# Audi's Next U.S. Diesel: the Q5 TDI



## JSpira (Oct 21, 2002)

As we reported in our feature on Audi's diesel strategy, the Audi Q5 is one of several diesels that Audi will bring to the U.S. in 2013.

Christian Stampfer took the Q5 for a drive to Fall - here is his "diesel grand touring" report.
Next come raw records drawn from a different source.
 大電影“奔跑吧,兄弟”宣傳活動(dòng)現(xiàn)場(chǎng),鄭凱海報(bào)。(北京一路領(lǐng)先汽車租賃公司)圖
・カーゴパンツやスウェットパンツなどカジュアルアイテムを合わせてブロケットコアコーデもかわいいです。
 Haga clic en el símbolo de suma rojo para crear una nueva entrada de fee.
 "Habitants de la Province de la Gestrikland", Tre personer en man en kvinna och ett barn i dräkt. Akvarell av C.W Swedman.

*Driving the Audi Q5 TDI - The Road to Fall (Sylvensteinspeicher) - Review*


> A small village with a population of just a handful of people is normally not worth the drive of 85 km (52 miles) but the Bavarian village of Fall (which owes its name to a waterfall) is the exception to the rule. Fall's proximity to the beuatiful Karwendelgebirge (Karwendel Mountains), &#8230;
> The drive to Fall in the Audi Q5 started on a grey and hazy Saturday morning. ...
> <SNIP>


 Read the full story »


----------



## dalekressin (Sep 3, 2008)

Very nice review. I would definitely consider this vehicle.


----------



## UncleJ (May 7, 2006)

33 mpg and 6.5 0-60 times! Great performance, I will consider the Q5 diesel for sure!:thumbup:


----------



## AutoUnion (Apr 11, 2005)

> Overall, after one week with the Q5 in a variety of driving conditions, the picture was a bit different: the Q5 used 7.4 l/100 km (33 mpg) overall, which given the varying driving conditions experienced on the road to Fall, was quite respectable.
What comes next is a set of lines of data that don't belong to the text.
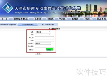 4、 进入个人维修资金查询页面,填写房屋地址、房主姓名及证件信息后,点击查询即可。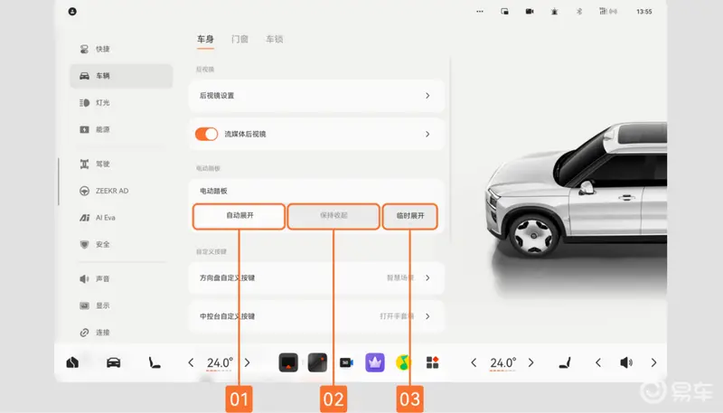 电动踏板可在中控屏选择「车辆」-「车身」,进行模式设置: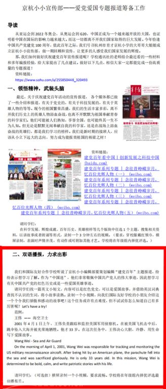 同时,五年级的同学还参与了“京杭爱党爱国专题报道筹备工作”之双语播报活动。

If Audi markets this correctly, it will sell like hotcakes here in the US. Not to mention, the Q5 is already such a popular cute ute. It beats the RX hybrid


----------



## tol4o (Jul 25, 2010)

Why the big 3.0L V6 TDI engine!?
2.0L TDI will be perfect for Q5 with 40MPG
After Q5 TDI and MB GLK 250 Bluetec expect X3 diesel, hopefully xdrive23d


----------



## 3ismagic# (Mar 17, 2011)

I learned more about traffic in Bavaria from this review than I did about the Audi.


----------



## Snipe656 (Oct 22, 2009)

tol4o said:


> Why the big 3.0L V6 TDI engine!?
> 2.0L TDI will be perfect for Q5 with 40MPG
> After Q5 TDI and MB GLK 250 Bluetec expect X3 diesel, hopefully xdrive23d


I have a feeling if I drove both this Q5 TDI and the upcoming GLK 250 that I'd have a hard time even comparing the two. Just imagining the Q5 is going to offer a lot more bang for the buck.


----------



## bimmerdiesel (Jul 9, 2010)

Audi planned well. There is no mid size SUV offering diesel engine. BMW is going to late in game. Common BMW X3 diesel is made in US


----------



## JSpira (Oct 21, 2002)

3ismagic# said:


> I learned more about traffic in Bavaria from this review than I did about the Audi.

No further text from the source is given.